Eval Set
// Definition
A curated collection of input/expected-output pairs used to measure an LLM system's quality on each change — the AI equivalent of a regression suite. Because model output is non-deterministic, you score the system against the whole set (pass rate, not a single exact match), which turns "did the prompt change help?" into a measurable answer instead of a vibe.
// Why it matters
Without an eval set, prompt and model changes are tested by spot-checking a few examples — which misses regressions and invites cherry-picking. An eval set makes LLM quality a number you can track across versions, the single biggest shift from "prompt tinkering" to engineering.
// How to test
// Run the system over the whole eval set; assert an aggregate pass rate,
// not exact strings (output is non-deterministic).
const results = await Promise.all(evalSet.map(async ({ input, expected }) => {
const output = await runSystem(input)
return judge(output, expected) // LLM-as-judge or rule-based scorer → boolean
}))
const passRate = results.filter(Boolean).length / results.length
expect(passRate).to.be.gte(0.9) // quality gate, e.g. 90%// Common mistakes
- Too few examples to be statistically meaningful (a 5-item set proves nothing)
- Asserting exact-match output against a probabilistic model (flaky by design)

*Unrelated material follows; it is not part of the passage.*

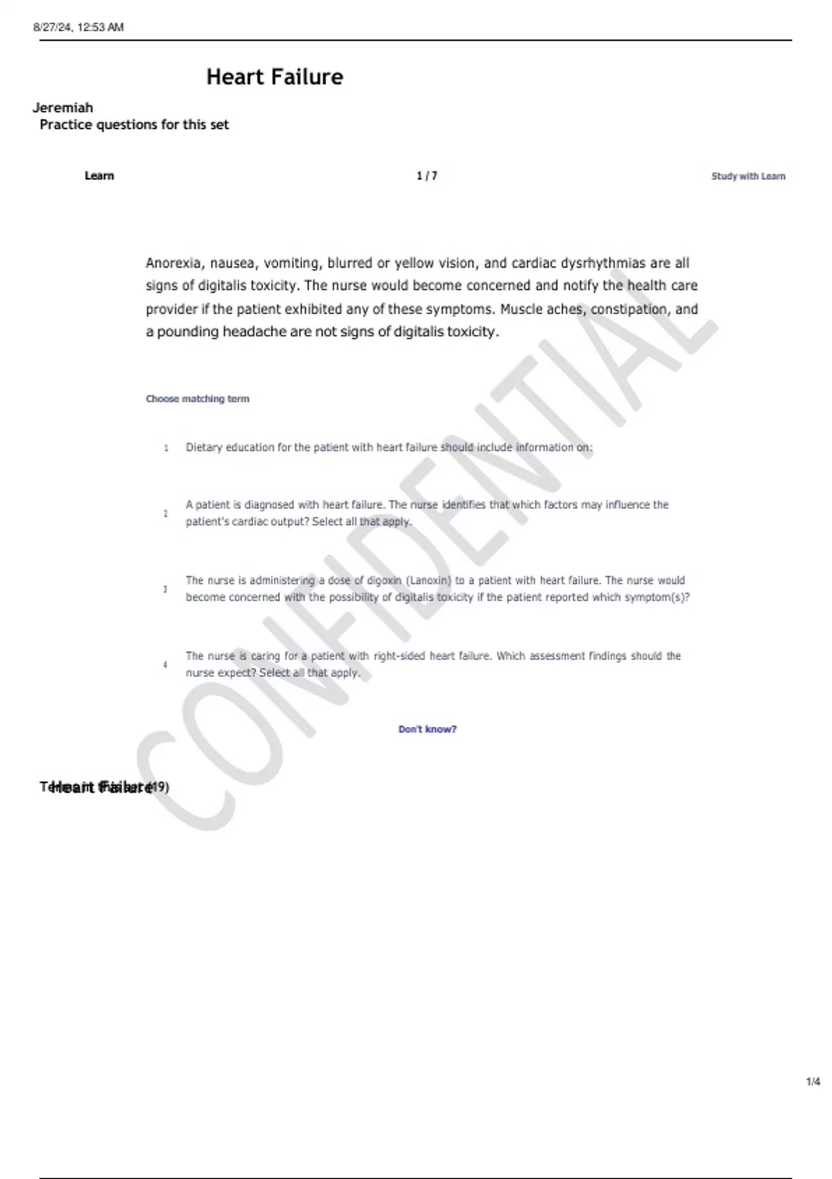 signs of digitalis toxicity. The nurse would become concerned and notify the health care

- Letting the eval set go stale so it stops reflecting real usage
// Related terms
Golden dataset
A curated set of inputs paired with known-correct outputs, used to evaluate an AI system's performance over time. For an LLM-backed product, a golden dataset might be 100 representative user questions plus the ideal answer for each. You run the system against the dataset on every release and compare current output to the gold answer — either with exact match, similarity scoring, or LLM-as-judge. Without a golden dataset you have vibes, not evaluation. Building and maintaining one is foundational QA work for AI products.
Evaluation Dataset
A curated set of input-output pairs used to measure an LLM application's correctness, safety, or consistency. Analogous to a regression test suite for traditional software. A well-maintained eval dataset covers the golden path (expected correct outputs), known edge cases, common failure modes (refusals, hallucinations, tone violations), and adversarial inputs. Datasets degrade over time as model behaviour changes; maintaining them is an ongoing engineering task, not a one-time setup. Often called an eval set or golden dataset.
LLM-as-judge
An evaluation pattern where one language model grades another model's output. The judge model is given the input, the output to evaluate, and a rubric — and returns a score or pass/fail verdict. Useful for evaluating qualities that are hard to test deterministically: tone, factual accuracy, helpfulness, refusal of unsafe requests. The catch is that judges are themselves LLMs with their own biases and failure modes — they need to be calibrated against human raters before you trust them at scale. Good for triage and trend-spotting; not a replacement for human eval on critical paths.
RAG Evaluation
Measuring a Retrieval-Augmented Generation system on two axes that a plain answer-check misses: retrieval quality (did it fetch the right context?) and faithfulness (is the answer grounded in that context, or hallucinated despite it?). A RAG system can retrieve perfectly and still hallucinate, or answer correctly from the wrong source — so both must be scored separately.